From that first blog post we found that 55% of graduate job hunters were interested in Melbourne as a place to take up their first graduate position. This fact gets even more interesting when you consider that only 30% of the visitors to our site were actually based in Melbourne to begin with.

Relocate? Sure why not

Relocate? Sure why not

To take things a step further I thought it would be interesting to have a look at how many graduates were interested in relocating to multiple cities after they had finished up at university, so as you do when you’re sick, I ended up sitting down and hitting our database to see how many graduates were interested in relocating to secure their first graduate job and the results were as follows:

Relocation Locations % of Graduate Respondents
3 39.5%
2 16.5%
1 44%

The Breakdown

This is an interesting insight into the attitude of graduates as they are searching for their first graduate job as it shows 3 distinct mindsets.

Firstly there are the 44% of grads who only want to work in one location after they finish their university studies.
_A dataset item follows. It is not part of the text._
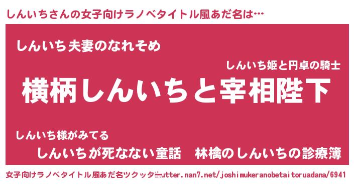 | 男性向けラノベタイトル風あだ名 | 『しんいちに滅ぼされるだけの簡単なお仕事です』 |

My thinking on this is that these graduates either want to work and live in their home town or the town they have relocated to for university.

The next group which accounts for 16% of graduates are interested in moving to 2 locations. I think this shows that these graduates have relocated for university and would want to either stay where they are studying or return to their home town.

The remaining 39% of graduates are out to work in 3 or more locations after they finish studying which shows that a large proportion of graduates coming out of university in Australia are very flexible and are keen to do whatever it takes to find a good opportunity. I think this is the group I would have fallen into when I finished studying at university as I was keen to move anywhere  I could secure an opportunity, I even considered going to Norway at one point.

Summing Up

So it seems that the majority of Australian graduates, 56% to be precise, are motivated to relocate once they finish studying which is a good sign for locations such as Western Australia, Queensland and Canberra as these centres do have a high demand for graduates but don’t’ have the largest numbers of graduates studying there compared to Sydney and Melbourne.